Sozinho no zoológico. Como agem os animais quando há poucos turistas por perto?

Durante as minhas férias no ano de 2006, minha ex-mulher e eu fomos ao zoológico de Santiago, no Chile, e me chamou bastante a atenção o comportamento dos animais ante às inoportunas e irritantes atitudes dos turistas. Sobretudo asiáticos, gritavam e falavam o tempo todo, cercando das grades os animais e os importunando por uma foto com ângulo melhor.

Veja como se comportaram os animais quando estive sozinho no zoológico neste vídeo que fiz para o meu canal no YouTube, o Missão Carcará, e se inscreva se curtir!

 

Isso irritava tanto os animais selvagens que o tigre branco, num momento, borrifou urina sobre os turistas que o seguiam e um camelo disparou uma cusparada sobre os turistas sem noção. Isso me trouxe uma grande dúvida. Será que os animais agem como se estivessem na natureza quando não há turistas:

A resposta, infelizmente é não. Depois do último surto de febre amarela deste ano, tive o privilégio de poder circular sozinho pelo zoológico de Belo Horizonte, que é um dos maiores da América Latina, já que era preciso ter a carteira de vacinação para entrar.

Para a minha surpresa, os chimpanzés continuavam irritados, zanzando de um lado para o outro e aparentando estarem desconfiados, como se as pessoas ainda estivessem por lá os observando.

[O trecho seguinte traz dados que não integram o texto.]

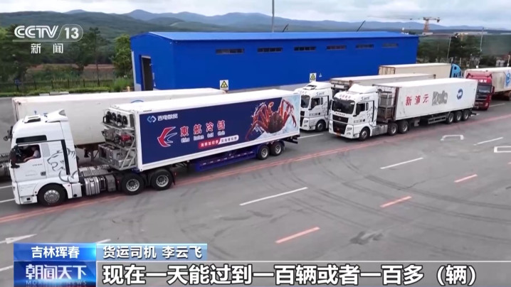 总台央视记者唐颖:随着珲春口岸的开关,从俄罗斯运输海鲜的车辆正在这里进行通关手续的办理,20个小时以内,这些海鲜就将通过公路运输送抵北京和上海等地。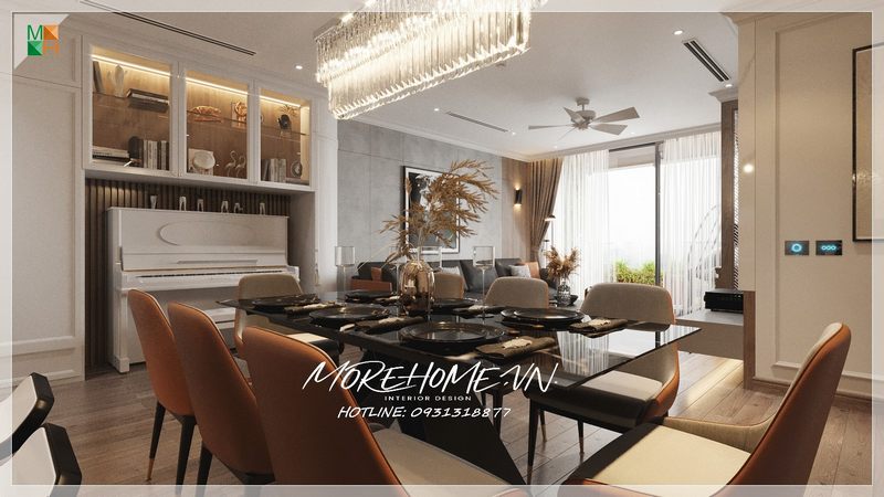 Mẫu thiết kế phòng ăn chung cư Hoàng Quốc Việt hiện đại với cách bố trí nội thất hợp lí, tinh tế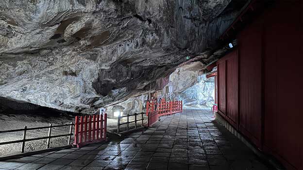 「玉橋」を渡ると、階段を下り、本殿・拝殿のある洞穴へと下って行きます。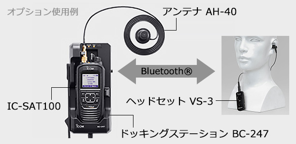 オプションの「アンテナ AH-40」を接続することにより、屋内や車内でも衛星通信が利用できます。IC-SAT100には、Bluetooth®が搭載されていますので、走行中もハンズフリー通信ができます。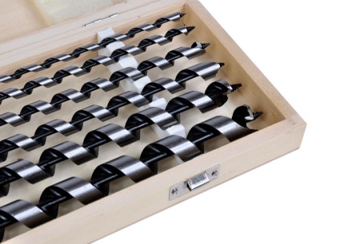 Zestaw wiertłeł do drewna marki Geko. Wiertła wykonane z najwyższej jakości stali, zapakowane w bardzo wytrzymałą, drewnianą walizkę.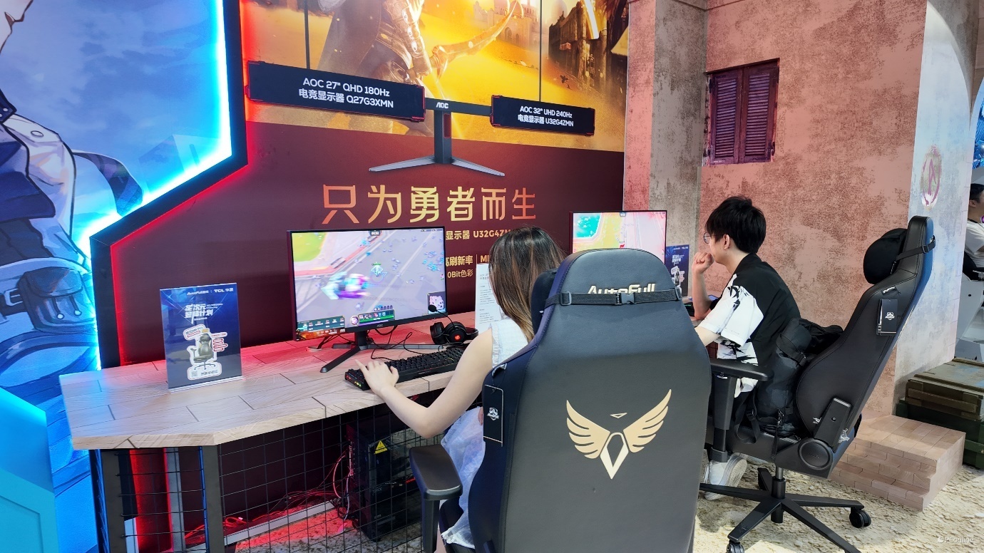 华星光电的游戏体验展区同样被傲风电竞椅“占领”,玩家们在这里既能体验到华星面板和AOC显示器带来的视觉盛宴,还能坐在傲风电竞椅上舒适游戏,游戏沉浸感拉满。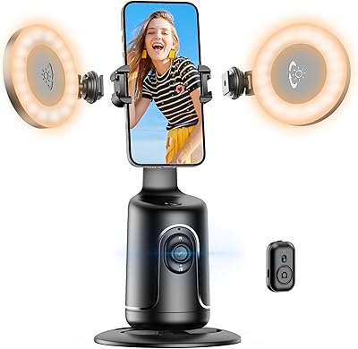 Auto Face Tracking Tripod with 2 Selfie Ring Light, 360 Rotation Face Body Phone Holder Smart Shooting Camera Mount with Remote, Rechargeable Smart Shooting Holder for Vlog, Streaming, Video, Tiktok

Os leões também aparentavam nervosismo, disparando olhares ferozes de quem só quer ficar sozinho e mataria por isso.

É certo que outros animais não são capazes de demonstrar esse incômodo, como os jacarés, cágados e aves, por uma total falta de capacidade e conhecimento de seus hábitos da minha parte. Contudo, a redução do assédio e a chance de fazer aquilo que bem entender sem ninguém te bisbilhotando deve, certamente, ter proporcionado momentos de distração a esses pobres prisioneiros de nosso entretenimento.